Over two dozen classical composers — e.g. Schumann, Bartók, Grieg, Debussy, Vaughan Williams, Stravinsky, and Bernstein — have also had weekly themes devoted exclusively to their lives and music. These programs are intimate biographies which include the composer's early life, education, historical and musical influences, personal life, and emotional and musical development, plus numerous musical pieces each day. Several composers, including Schubert, Brahms, Tchaikovsky, Mahler, Verdi, and Shostakovich, have had a two-week theme devoted to their lives and works. Bach, Mozart, and Beethoven have each had several series centered around their works. Approximately one week per month is devoted to the life and works of a single composer.  

Exploring Music is geared to all ages and to any level of musical knowledge. Host Bill McGlaughlin guides the listener into the music through various means: revealing the stories behind compositions, adding analysis and illustrations at the piano, exploring  the interlocking nature of music and ideas, referencing the historical context of pieces and trends, and also giving his insight as a professional musician, conductor, and composer. 
 
Each week McGlaughlin weaves a deepening narrative around the topic at hand, and aims to make exploring classical music fun. "Drawing people inside the music seems the clue to me," he says. "Human beings are wired for delight when we figure something out." Occasionally music from other genres — such as jazz, ethnic/world music, folk/traditional music, or pop standards — is aired, to liven up the discussion and illustrate points. 
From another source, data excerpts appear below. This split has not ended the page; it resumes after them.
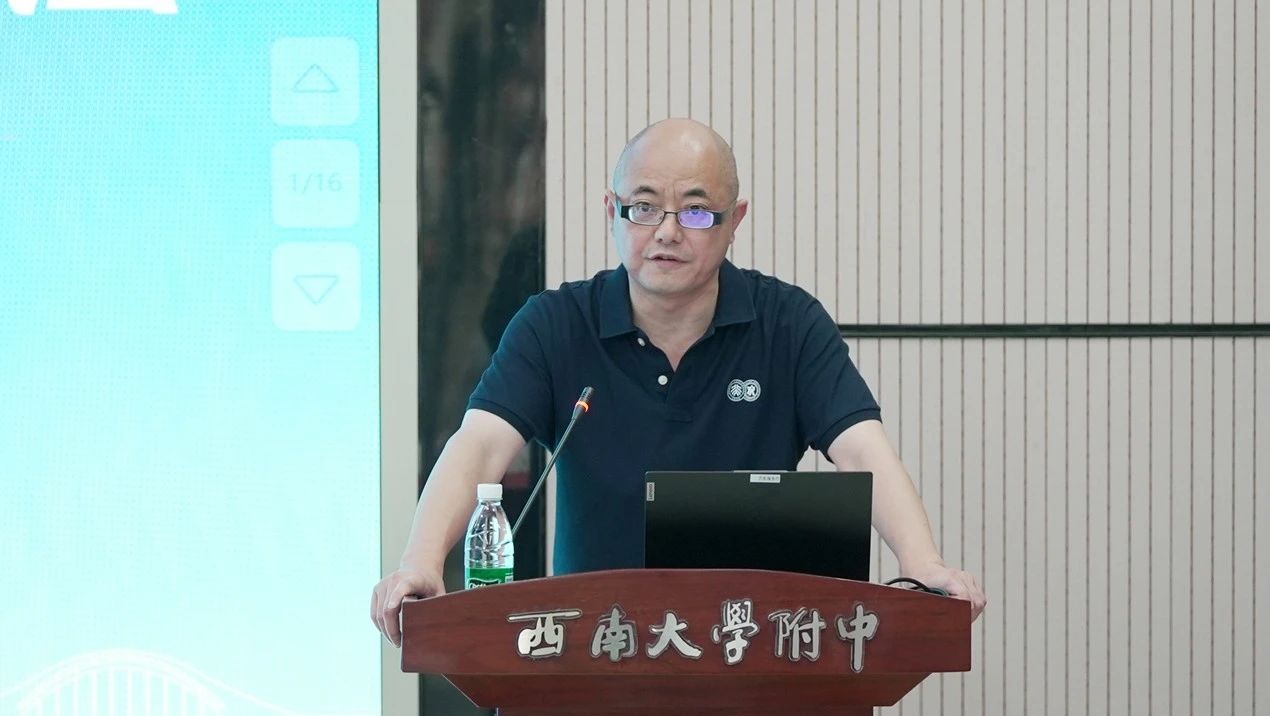 西南大学附属中学党委书记欧健致辞,希望“新北大人”胸怀“国之大者”,成长为民族复兴栋梁;期待新重庆人扎根巴渝,为地方发展注入智慧;鼓励附中学子以北大校友为榜样,用奋斗书写青春。
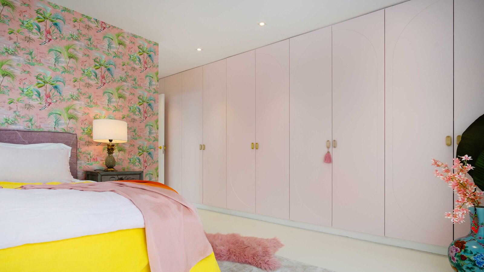 Leja’s designs focus on light, openness and, of course, colour – as the high-quality interior design of the house shows. Bright yellow, rich pink, red, and orange, and various shades of green – inspired by the surrounding Mallorcan nature – shape the character and stand for an carefree attitude towards life. A special feature is the combination of complementary colours such as purple on a yellow carpet or pink and red. These harmonise with each other in the highest luminosity.
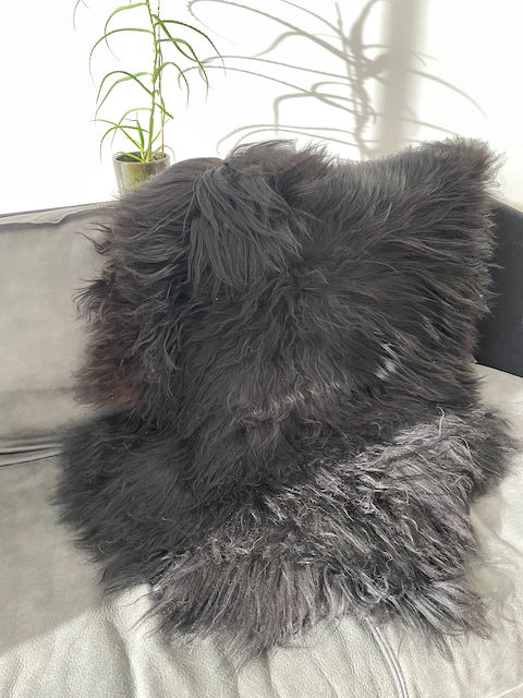 Deze zwarte Ijslandse vacht is naturel d.w.z. dat het niet in een kleurbad heeft gezeten. Op een natuurlijke manier gelooid wat de kwaliteit van de wol ten goede komt.
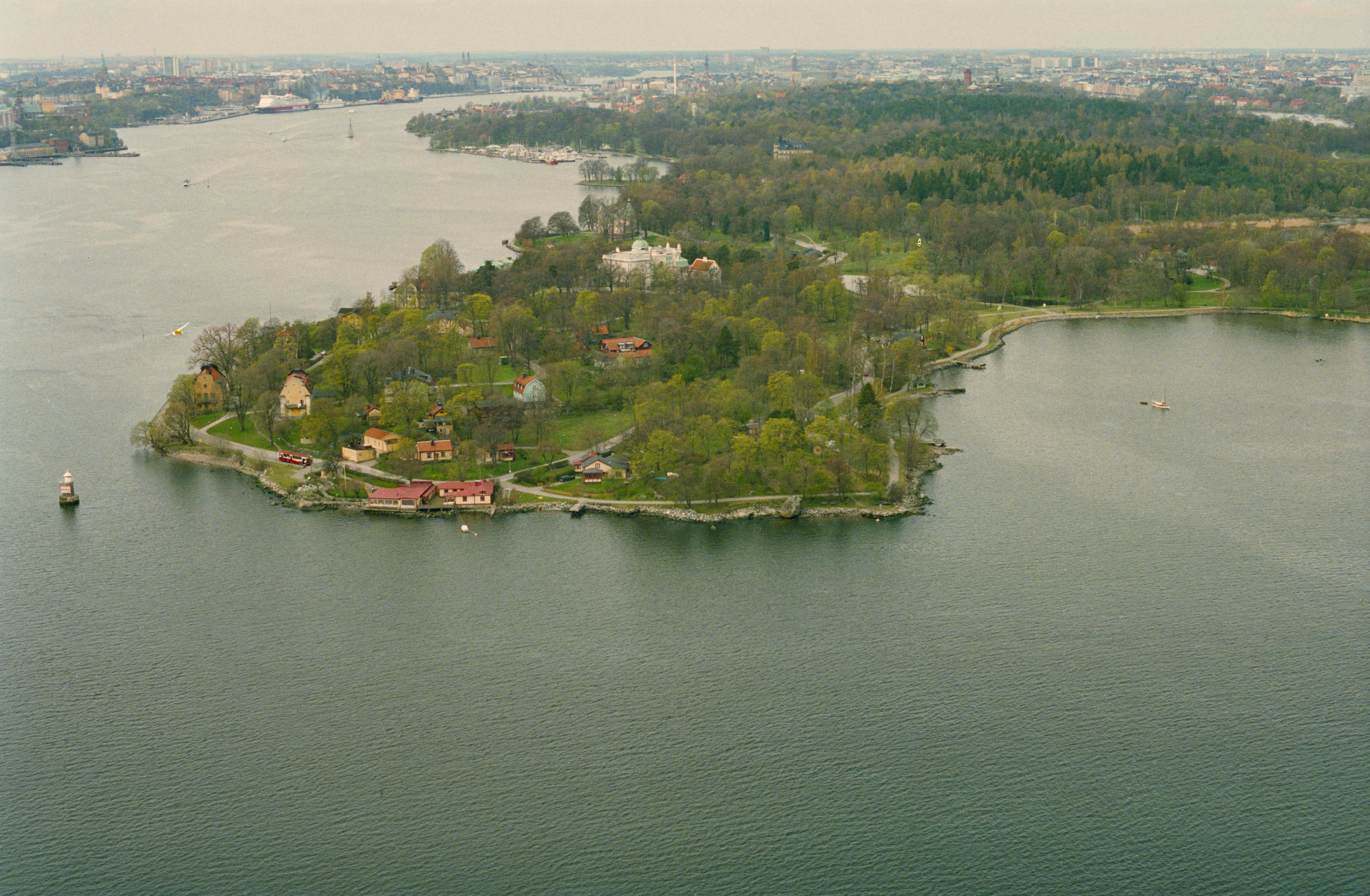 Beskrivning: Blockhusudden vid Saltsjön. Vid bildens mitt Thielska galleriet - statligt byggnadsminne RAÄnr Stockholm 87:1. I bildens övre del Stockholms innerstad. Bilden är tagen mot (väderstreck): V

The piano is another tool McGlaughlin frequently employs to get concepts across. Of his original decisions about the show's format, McGlaughlin says, "It’s very hard to talk about music on the radio unless you can hear a sound, so I said I need a piano. Instead of saying 'a minor third,' I can play it. I wanted to make certain that what you could hear was prominent."

Inception and history

In 2002, Steve Robinson, Vice President of WFMT Radio Network, approached Peabody Award-winner Bill McGlaughlin to host a new daily radio show, which would showcase and explicate great works of classical music. McGlaughlin had spent 22 years as host and music director of Saint Paul Sunday, the nationally syndicated weekly chamber music performance and interview show. His credentials also included decades as a professional musician, conductor, and composer. Regarding his choice of McGlaughlin as host, Steve Robinson stated, "As far as I'm concerned, no one can top Bill in the way he conveys his passion for music on the radio." 
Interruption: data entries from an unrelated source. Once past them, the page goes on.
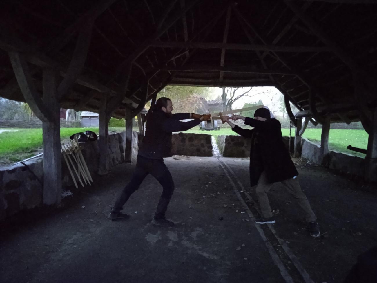 After a coffee break Joakim Løvgren held a workshop about historical fencing. He presented the problems of our loss of knowledge of medieval fencing, but also on his attempts to recreate the skill from descriptions from the period. The participants were then invited to reenact fencing with wooden swords based on a short demonstration by Joakim and copies of German medieval descriptions. After this Kari Marie Helland held a workshop on nettle fibres, cord, and net binding, demonstrating a wide variety of crafts made from nettles including their archaeological contexts. The participants themselves were given the opportunity to try techniques of making cord from nettles that Kari had brought along.
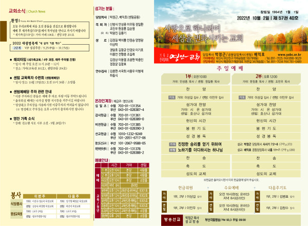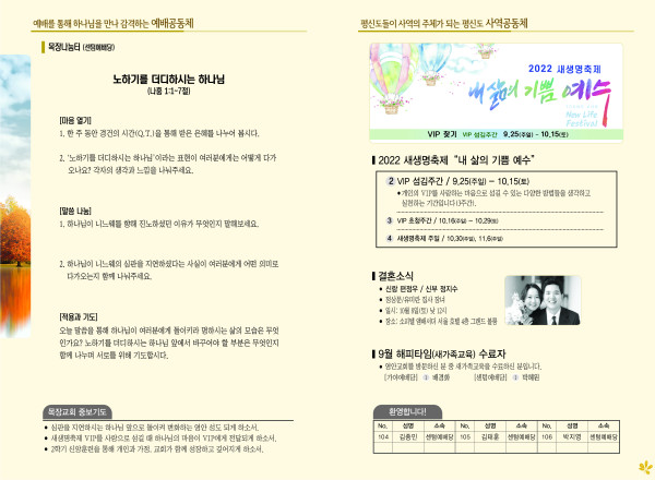 2022년 10월 2일 주보 (센텀예배당) 페이지 정보 작성자 관리지기 작성일22-10-01 11:14 조회4,224회 댓글0건 관련링크 목록 본문 2022년 10월 2일 주보 (센텀예배당) 댓글목록 등록된 댓글이 없습니다. 목록
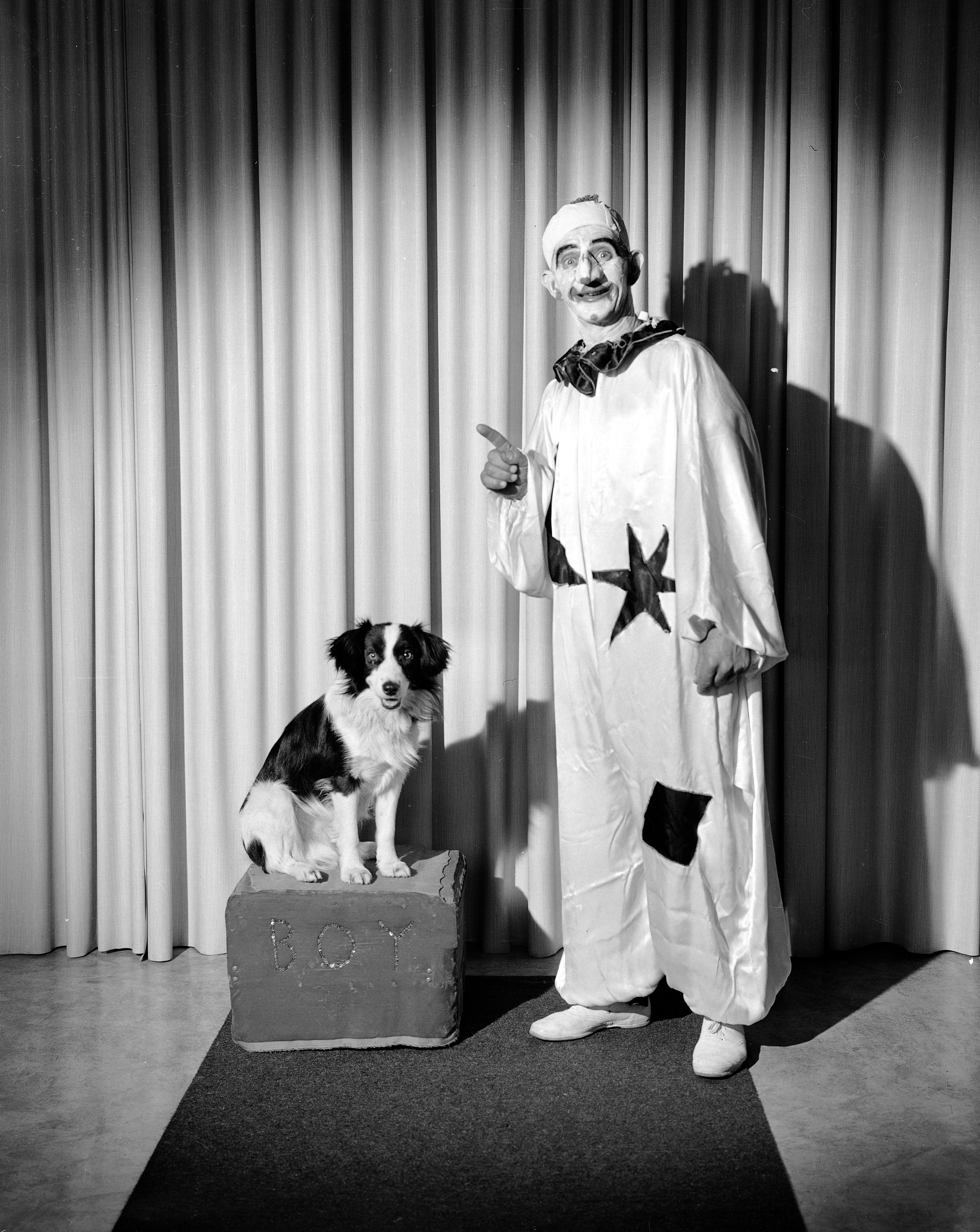 | Abstract/Description | Negative, black and white. Full length image of clown, Terry Carr, on stage with his dog. Carr is wearing clown costume and make-up, standing beside dog who is sitting on box with lettering "BOY". Stage curtain behind. In black ink, upper edge: "CARR 2690-1". c. 1958. Terry Carr and his flying dog "Boy" performed as a specialty act with "Puss In Boots", Tivoli, 1958. | |

Development of the new program was funded by a special grant from the National Endowment for the Arts, in November 2002. The show debuted nationally on October 6, 2003. Exploring Music in essence replaced Karl Haas' long-running show, Adventures in Good Music, since the aging and retired Haas had recorded no new episodes of his show after 2002. When encore broadcasts of Adventures in Good Music ceased entirely on June 29, 2007, Exploring Music gained an even wider national listenership, as it was then scheduled in the retired show's time slot on many radio stations.

In 2013, after repeated requests from listeners and following years of negotiation with recorded-music copyright lawyers, Exploring Music reached ground-breaking legal agreements which allow it to stream any of its past shows on demand from its site.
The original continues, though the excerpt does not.